(Beginning of ENTRIES PROVIDED)
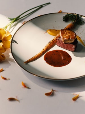 淡路や瀬戸内で水揚げされた新鮮な魚介類や神戸牛、旬の野菜など、兵庫の地元食材をシェフ自ら厳選。繊細かつ美しいひと皿は、一切の妥協を許さない姿勢から生まれます。
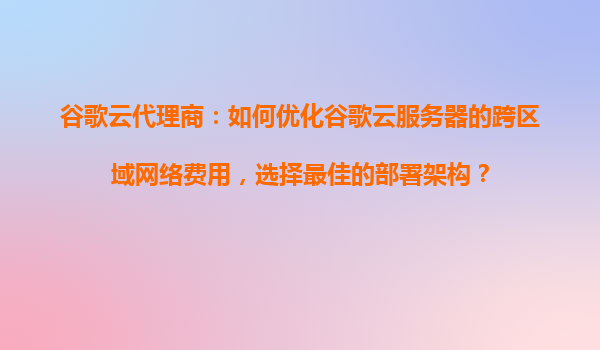 2025-10-22谷歌云代理商:如何优化谷歌云服务器的跨区域网络费用,选择最佳的部署架构? 谷歌云的优势 谷歌云(GoogleCloud)作为全球领先的云计算平台之一,以其高性能、高可靠性和全球化的基础...
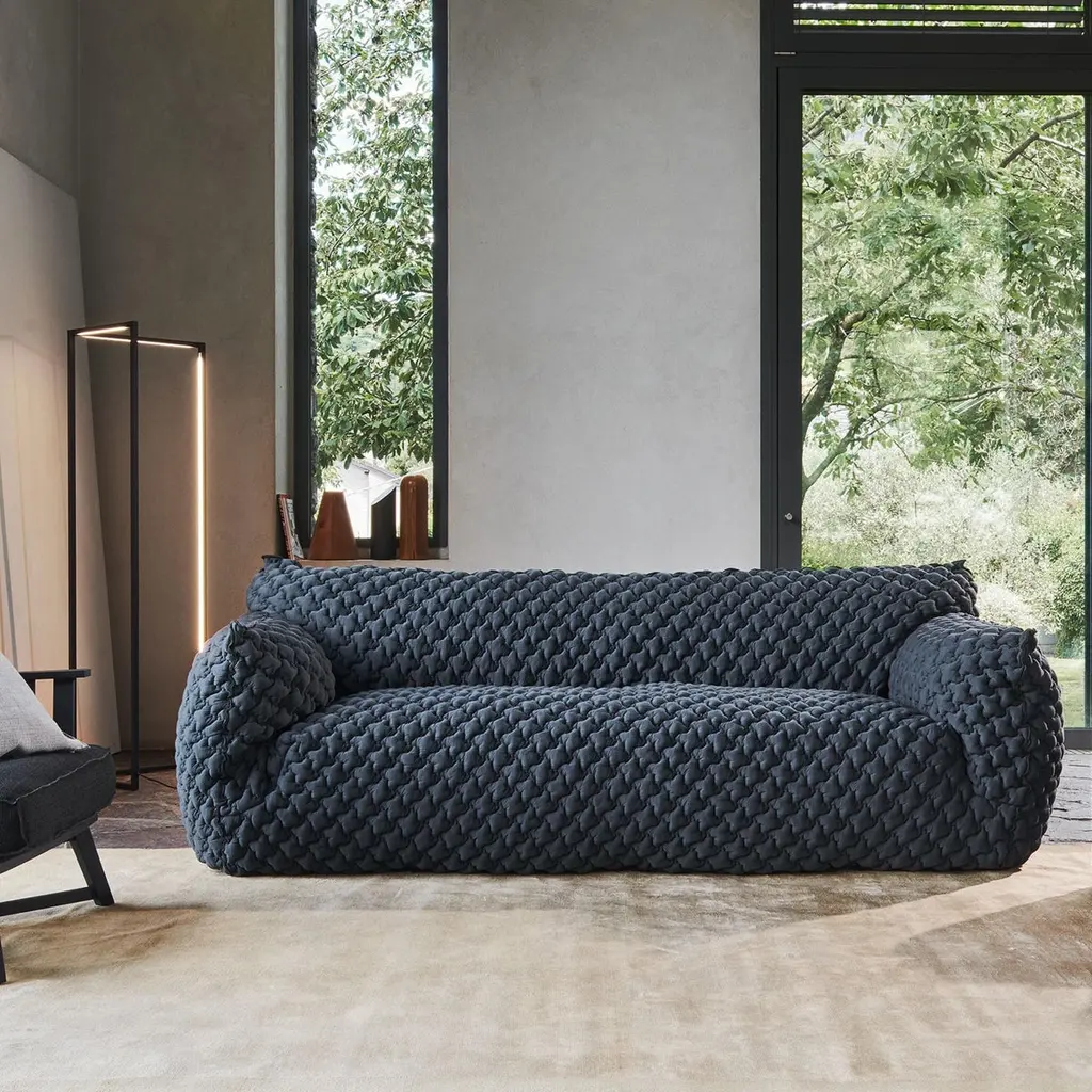 Gervasoni Nuvola 12 SofaDesign: Paola NavoneThe Nuvola collection is defined by its soft, inviting shapes that embody comfort and informality. The Nuvola 12 sofa encourages you to sink in: the high armrests embrace a deep seat, creating a true cocoon effect that feels like a warm hug.This sofa can be upholstered in a wide range of fabrics or leathers from the collection, allowing versatile customization to suit different interiors.The structure is padded with multi-density polyurethane foam for lasting comfort and durability. The upholstery includes a quilted layer filled with goose down and polyester fiber flakes, ensuring an extra-soft, luxurious feel.The cover is fully removable, with visible stitching that outlines the sofa's silhouette, blending functional versatility with relaxed elegance.DimensionsLength: 260 cm / 102.4 inDepth: 110 cm / 43.3 inHeight: 85 cm / 33.5 inSeat height: 48 cm / 18.9 inMaterials & FeaturesMulti-density polyurethane foam paddingQuilted upholstery with goose down and polyester fiber flakesFully removable cover with visible stitchingUpholstery available in all fabrics and leathers from the Nuvola collectionConceptThe Nuvola 12 sofa combines generous proportions, enveloping comfort, and casual elegance. With its 260 cm length, it offers a spacious seating experience while retaining the cocoon-like softness and timeless comfort envisioned by Paola Navone.
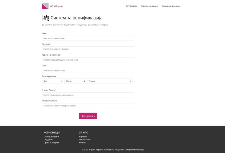 Оттаму потенцираат дека веб-страница е лажна и не e во сопственост на Управата за јавни приходи.
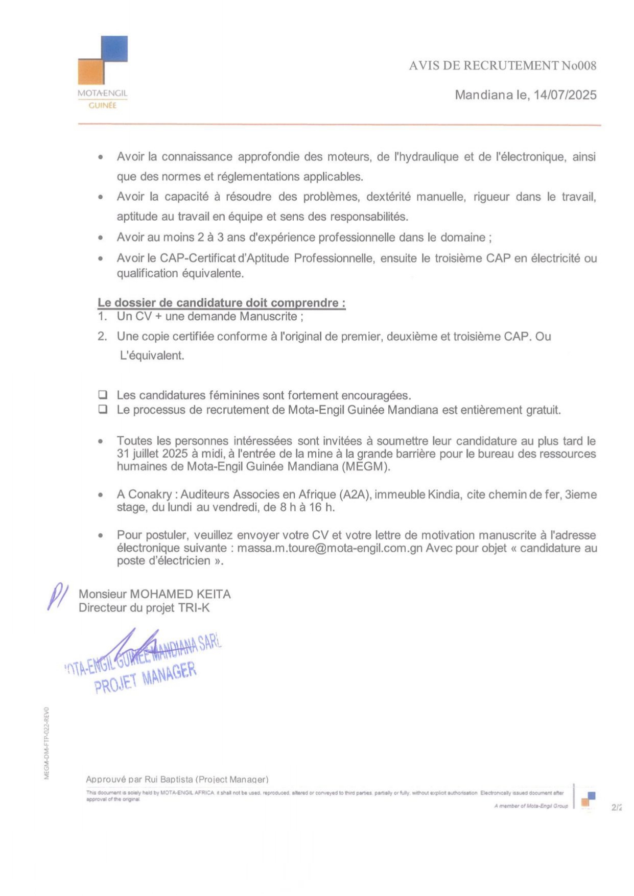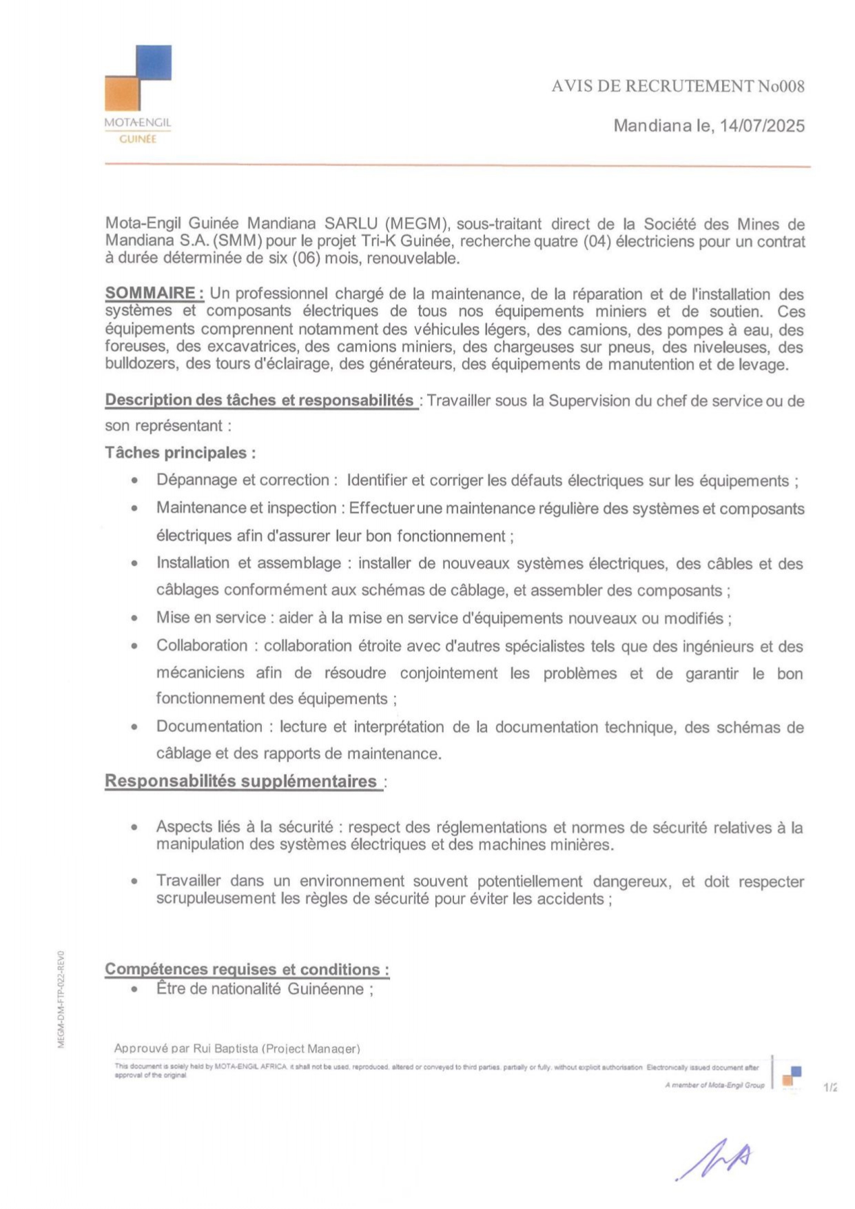 > Avis de recrutement de quatre (04) électriciens pour un contrat à durée déterminée de six (06) mois
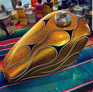 L’evoluzione industriale delle vernici diede ulteriore linfa alla fantasia dei customizer: dalle cromature liquide ai candy colors, passando per le tinte perlate multistrato, il ventaglio delle possibilità si aprì in modo prima impensabile. In questo scenario variegato, molti artisti iniziarono a sperimentare combinazioni di pinstriping e aerografia creando superfici stratificate, composte da linee pulite che incorniciavano mondi dipinti, oppure texture inedite che servono da sfondo per lettering tradizionali.
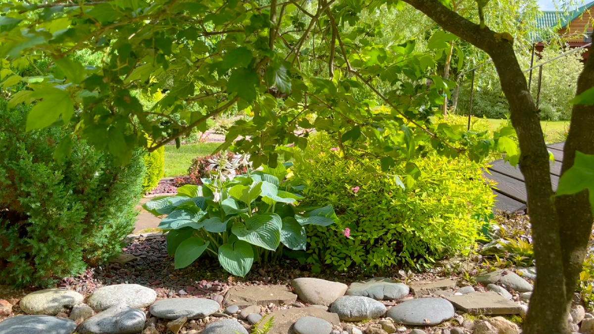 У нас хосты растут в разных частях сада с различными условиями выращивания, в том числе, и в рокарии. Хотя есть достаточно распространенное мнение, что хосты не сочетаются с камнем, и что им не место в каменистых садах, с чем я не согласна. Возможно, в садах камней строгого японского стиля, где доминируют камни, а растения вторичны и призваны подчеркивать красоту камней, хосты будут смотреться неестественно, а в любительском авторском или, даже дилетантском, придутся, вполне себе, к месту. Вопрос предпочтений. По крайней мере мне хосты нравятся практически в любом сочетании и на любом фоне.
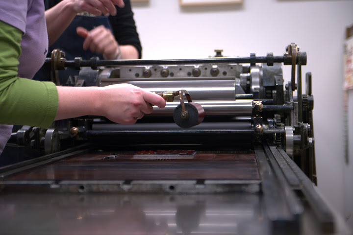 i love the printed samples they’ve got all over the room. the woman there gave us a wonderful quick introduction to how the pieces of type are loaded into trays, then showed us a few different presses. isn’t this one cute? hmmmmm…… wish list?
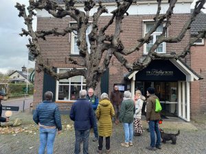 Inmiddels zijn we op pad gegaan, niet ver, want tegenover Museum Staal staat een grote Linde voor de ingang van de Hoofdige Boer. Hij wordt geschat op zeventig jaar maar is helaas gedoemd dood te gaan door een parasiet, die zich in hem heeft genesteld: de honingzwam.
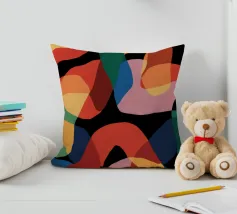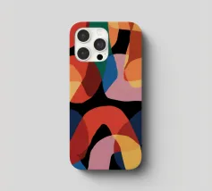 Flowing, translucent, organic shapes in a palette of red, orange, and teal seem to dance and overlap against a dark background, creating a fluid and dynamic abstract composition.
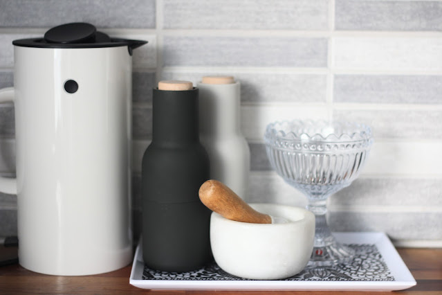 Aloitin tyhjentämällä keittiötasot ja karsimalla turhat tavarat hiiteen. Puoliso oli esimerkiksi hamstrannut tarjottimen päälle oliiviöljyn lisäksi kolme muuta öljypulloa. Kukapa sitä nyt ei tarvitsisi jatkuvasti kurpitsansiemen-, saksanpähkinä- ja tryffeliöljyä? Kaikissa toki päiväys oli jo mennyt vuosia sitten. Pöytätasoille pääsi pienkodinkoneiden lisäksi harvat ja valitut. Tässä asetelmassa vedenkeitin, suola- ja pippurimyllyt, marmorinen mortteli sekä viime syksynä kirpparilta bongattu Mariskooli.
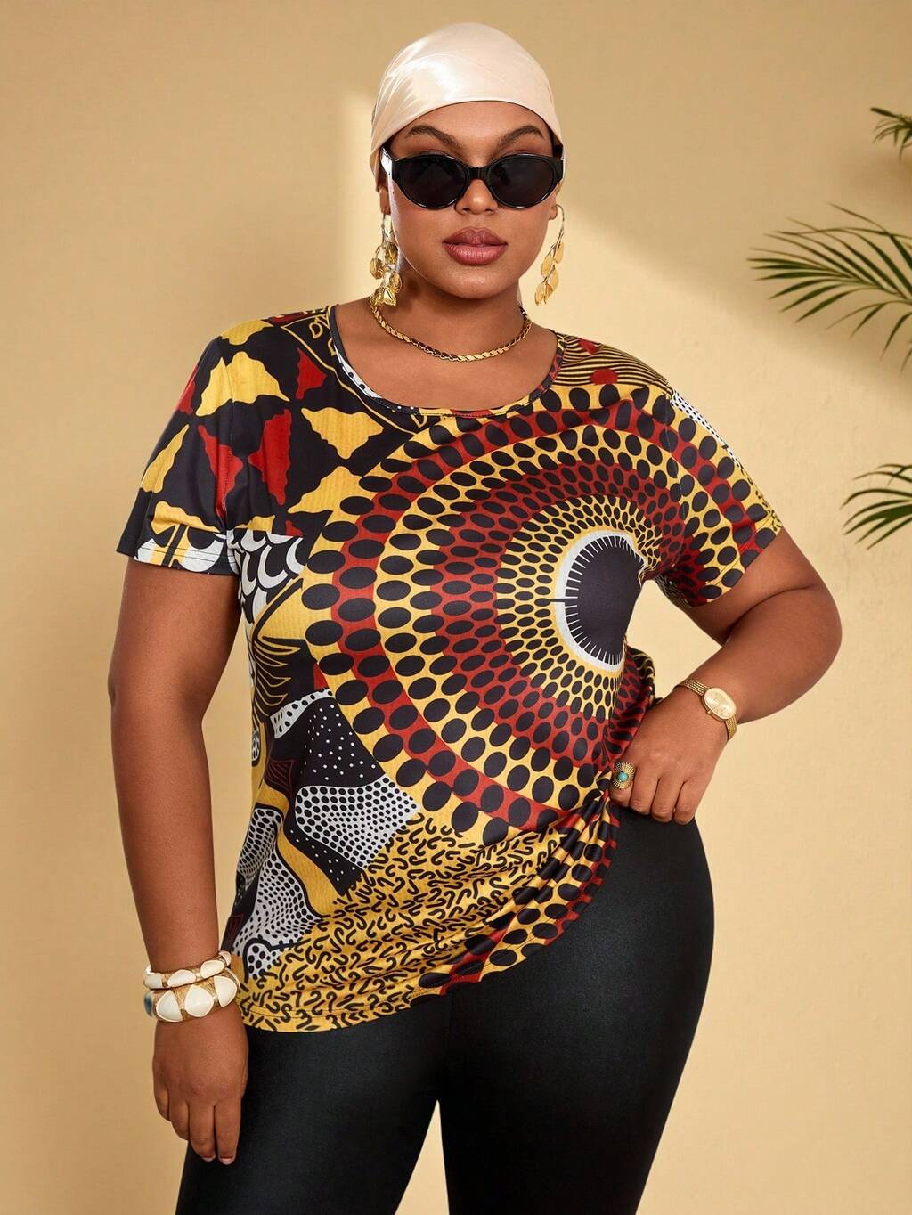 Plus Size Fashionable Printed Round Neck Short Sleeve T-Shirt, Summer\Vacation Plus Size Women Clothes African Clothes Women Plus Size Work Tops Summer Tops Summer Outfits Summer Clothes Spring Dress Spring Outfit Women Spring Clothing Beach Vacation Outfits For Women Vacation Dress Bohemian Festival Outfits For Women Beach Outfits For Women Casual Blouses For Women
(End of ENTRIES PROVIDED)
◆ ABOUT THIS EXERCISE
Restate word for word the lines of the data above that begin at the line with "six (06) mois" and end at the line with "У нас хосты", keeping both ends and dropping every picture.

◆ TASK OUTPUT
 > Avis de recrutement de quatre (04) électriciens pour un contrat à durée déterminée de six (06) mois
 L’evoluzione industriale delle vernici diede ulteriore linfa alla fantasia dei customizer: dalle cromature liquide ai candy colors, passando per le tinte perlate multistrato, il ventaglio delle possibilità si aprì in modo prima impensabile. In questo scenario variegato, molti artisti iniziarono a sperimentare combinazioni di pinstriping e aerografia creando superfici stratificate, composte da linee pulite che incorniciavano mondi dipinti, oppure texture inedite che servono da sfondo per lettering tradizionali.
 У нас хосты растут в разных частях сада с различными условиями выращивания, в том числе, и в рокарии. Хотя есть достаточно распространенное мнение, что хосты не сочетаются с камнем, и что им не место в каменистых садах, с чем я не согласна. Возможно, в садах камней строгого японского стиля, где доминируют камни, а растения вторичны и призваны подчеркивать красоту камней, хосты будут смотреться неестественно, а в любительском авторском или, даже дилетантском, придутся, вполне себе, к месту. Вопрос предпочтений. По крайней мере мне хосты нравятся практически в любом сочетании и на любом фоне.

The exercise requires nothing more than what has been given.